Problem to solve: After locating the line with "opinioni sul trattamento;" below, output it and each following line exactly, stopping after the line with "Зверобой для бани, собранный". No pictures.
Data section start
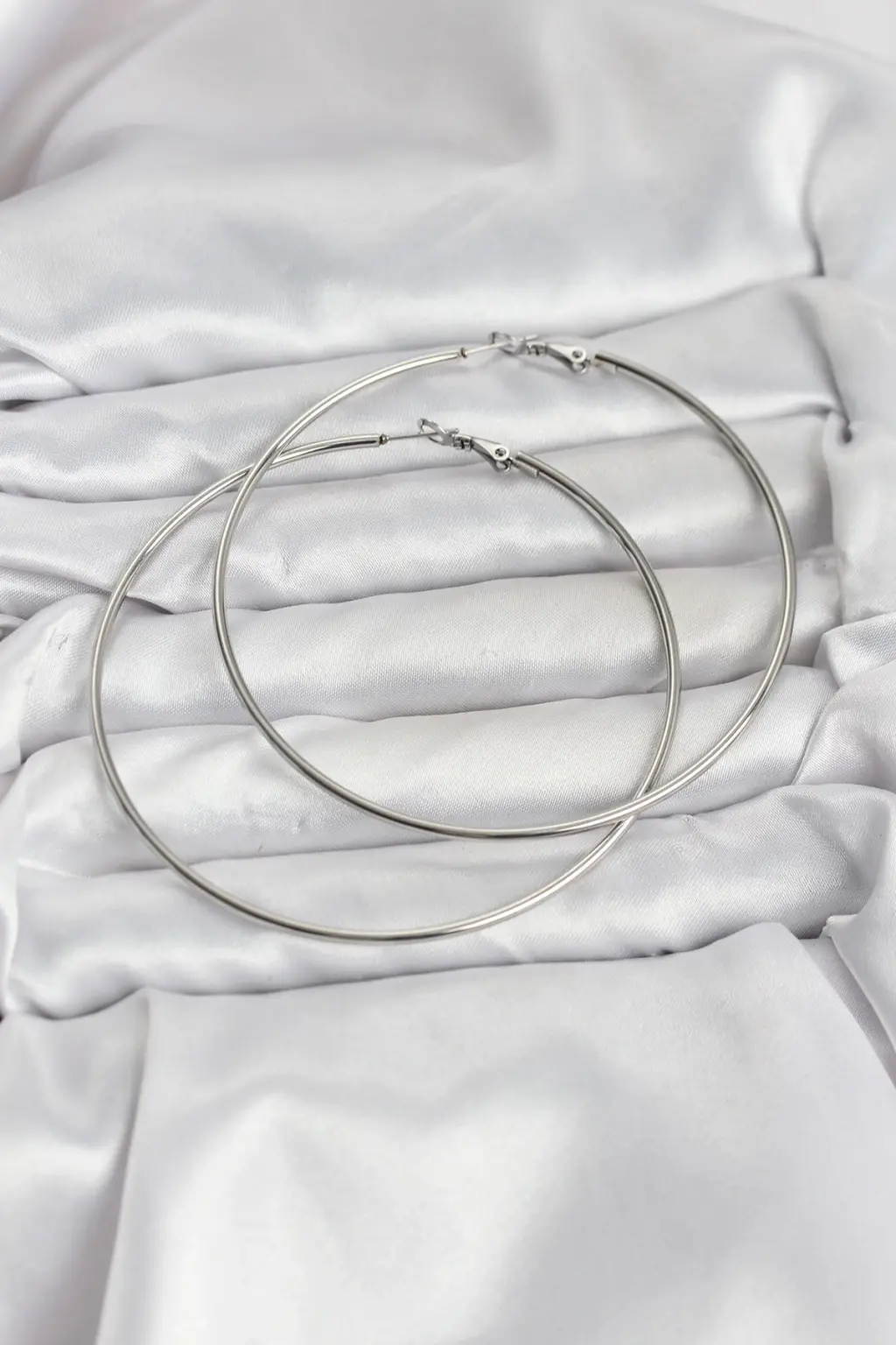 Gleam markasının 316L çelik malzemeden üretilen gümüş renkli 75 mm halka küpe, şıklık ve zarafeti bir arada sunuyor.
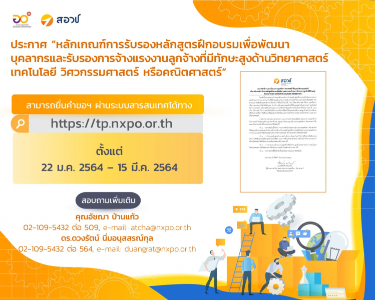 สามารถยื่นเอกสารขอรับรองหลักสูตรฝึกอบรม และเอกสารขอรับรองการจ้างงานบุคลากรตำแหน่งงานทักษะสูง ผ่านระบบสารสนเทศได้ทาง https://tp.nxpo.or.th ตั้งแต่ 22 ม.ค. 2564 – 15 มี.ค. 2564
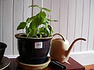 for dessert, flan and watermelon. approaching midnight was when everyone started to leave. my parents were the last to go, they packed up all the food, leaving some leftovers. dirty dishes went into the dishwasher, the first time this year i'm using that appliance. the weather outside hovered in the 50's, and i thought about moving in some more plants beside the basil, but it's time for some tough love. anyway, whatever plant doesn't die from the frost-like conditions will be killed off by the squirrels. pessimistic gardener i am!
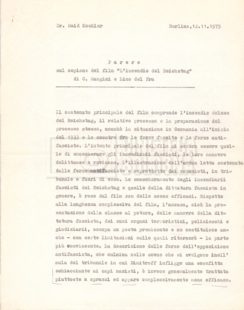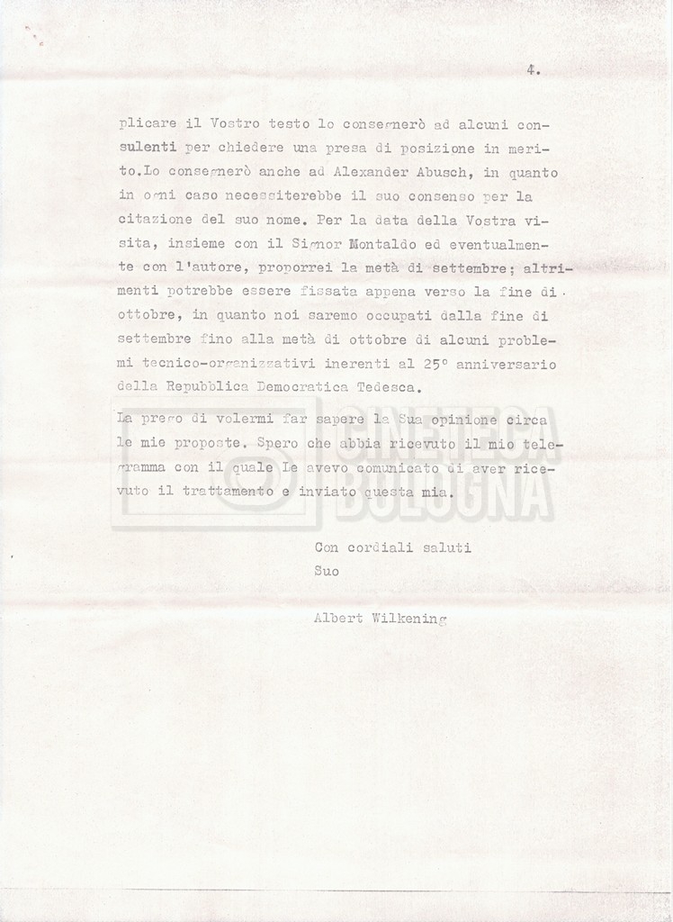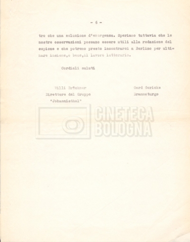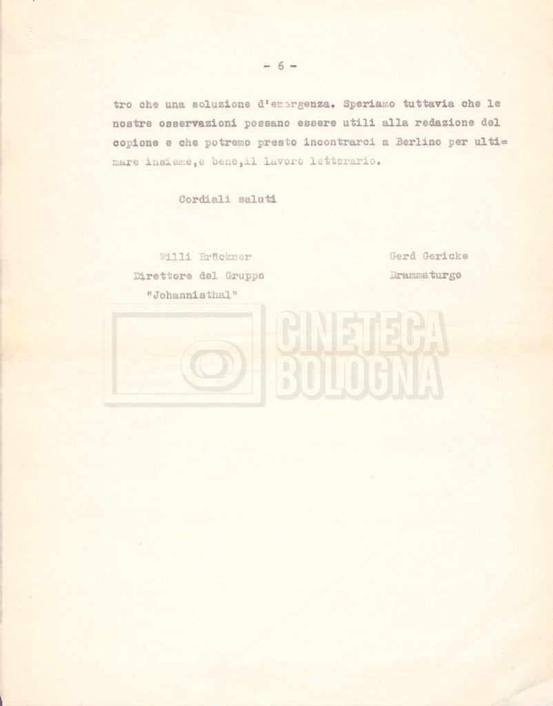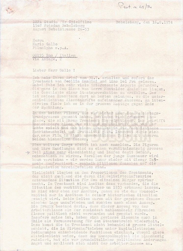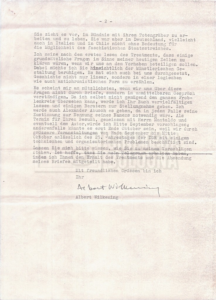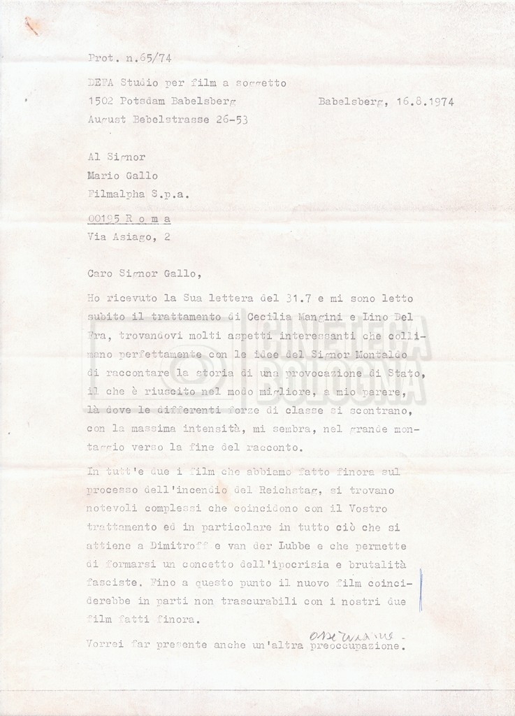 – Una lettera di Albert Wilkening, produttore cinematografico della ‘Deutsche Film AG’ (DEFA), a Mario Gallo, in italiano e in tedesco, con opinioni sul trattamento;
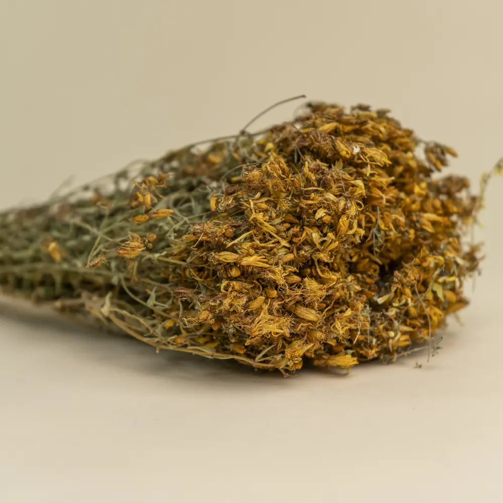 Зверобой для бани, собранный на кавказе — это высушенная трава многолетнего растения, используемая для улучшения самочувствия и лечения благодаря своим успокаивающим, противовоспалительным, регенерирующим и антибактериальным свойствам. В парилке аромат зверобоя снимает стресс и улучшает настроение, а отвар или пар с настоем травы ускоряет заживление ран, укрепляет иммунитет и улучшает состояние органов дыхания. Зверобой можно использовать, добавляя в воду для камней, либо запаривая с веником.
Data section end
Data section start
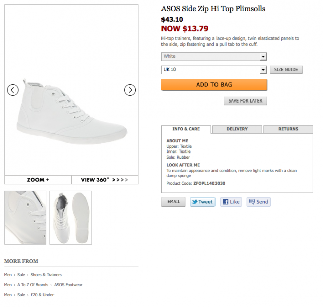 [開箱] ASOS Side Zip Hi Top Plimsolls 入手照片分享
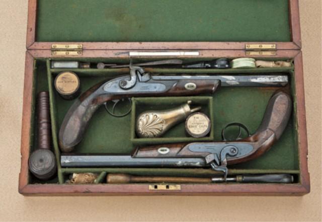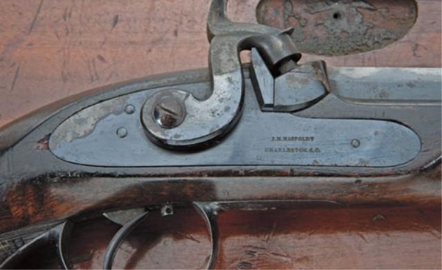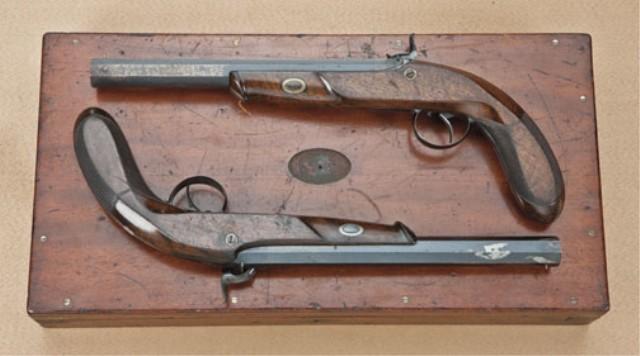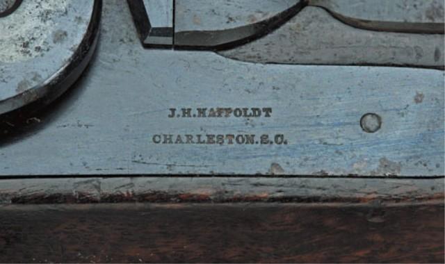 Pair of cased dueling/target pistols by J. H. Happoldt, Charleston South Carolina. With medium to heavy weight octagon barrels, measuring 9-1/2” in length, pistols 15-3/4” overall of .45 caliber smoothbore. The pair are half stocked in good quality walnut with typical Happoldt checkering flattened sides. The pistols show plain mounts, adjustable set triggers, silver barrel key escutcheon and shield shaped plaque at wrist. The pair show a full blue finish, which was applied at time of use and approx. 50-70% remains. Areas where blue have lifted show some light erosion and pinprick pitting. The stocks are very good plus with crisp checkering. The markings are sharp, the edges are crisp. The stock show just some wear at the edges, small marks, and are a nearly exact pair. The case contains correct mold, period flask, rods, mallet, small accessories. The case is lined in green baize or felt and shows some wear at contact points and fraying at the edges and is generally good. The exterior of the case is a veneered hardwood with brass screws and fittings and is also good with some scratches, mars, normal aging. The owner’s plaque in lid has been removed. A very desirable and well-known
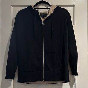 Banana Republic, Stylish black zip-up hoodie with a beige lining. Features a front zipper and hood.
Data section end
Reply:
 – Una lettera di Albert Wilkening, produttore cinematografico della ‘Deutsche Film AG’ (DEFA), a Mario Gallo, in italiano e in tedesco, con opinioni sul trattamento;
 Зверобой для бани, собранный на кавказе — это высушенная трава многолетнего растения, используемая для улучшения самочувствия и лечения благодаря своим успокаивающим, противовоспалительным, регенерирующим и антибактериальным свойствам. В парилке аромат зверобоя снимает стресс и улучшает настроение, а отвар или пар с настоем травы ускоряет заживление ран, укрепляет иммунитет и улучшает состояние органов дыхания. Зверобой можно использовать, добавляя в воду для камней, либо запаривая с веником.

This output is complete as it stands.